ACTIVITY
Beginning with the line containing "關(guān)于中集天達(dá)2021年度碳核查結(jié)果的公布" and ending with the line containing "Im Rheintal und", write out each line of the records below exactly; pictures and lines outside that range are left out.

AVAILABLE DATA
────────────────────

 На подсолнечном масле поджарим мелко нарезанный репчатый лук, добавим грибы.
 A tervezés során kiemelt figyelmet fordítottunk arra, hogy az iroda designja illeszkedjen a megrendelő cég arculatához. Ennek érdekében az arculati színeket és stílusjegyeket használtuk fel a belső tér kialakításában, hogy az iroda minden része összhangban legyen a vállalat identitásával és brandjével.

────────────────────

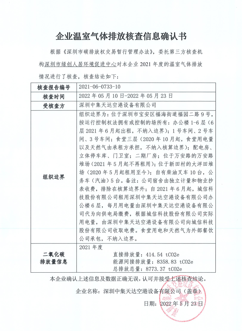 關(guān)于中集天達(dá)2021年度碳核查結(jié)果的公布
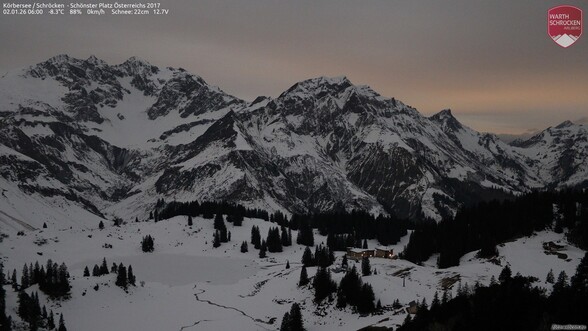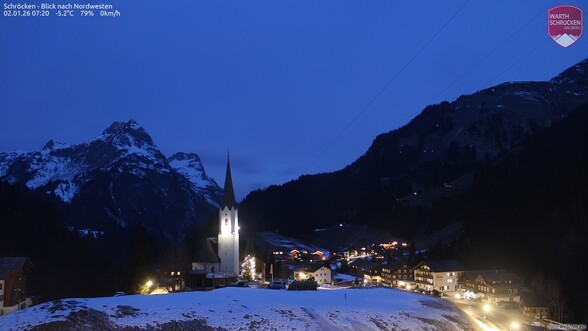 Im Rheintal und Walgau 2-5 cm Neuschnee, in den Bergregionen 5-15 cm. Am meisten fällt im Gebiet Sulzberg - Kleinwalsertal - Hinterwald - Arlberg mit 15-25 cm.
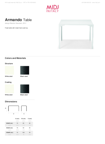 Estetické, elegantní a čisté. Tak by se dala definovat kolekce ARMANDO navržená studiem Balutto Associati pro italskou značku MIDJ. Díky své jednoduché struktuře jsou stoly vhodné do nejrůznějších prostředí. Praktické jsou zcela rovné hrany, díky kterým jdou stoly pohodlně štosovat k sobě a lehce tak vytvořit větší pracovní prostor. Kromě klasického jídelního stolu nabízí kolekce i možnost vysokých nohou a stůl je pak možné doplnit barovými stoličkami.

────────────────────

SOLUTION
 關(guān)于中集天達(dá)2021年度碳核查結(jié)果的公布
 Im Rheintal und Walgau 2-5 cm Neuschnee, in den Bergregionen 5-15 cm. Am meisten fällt im Gebiet Sulzberg - Kleinwalsertal - Hinterwald - Arlberg mit 15-25 cm.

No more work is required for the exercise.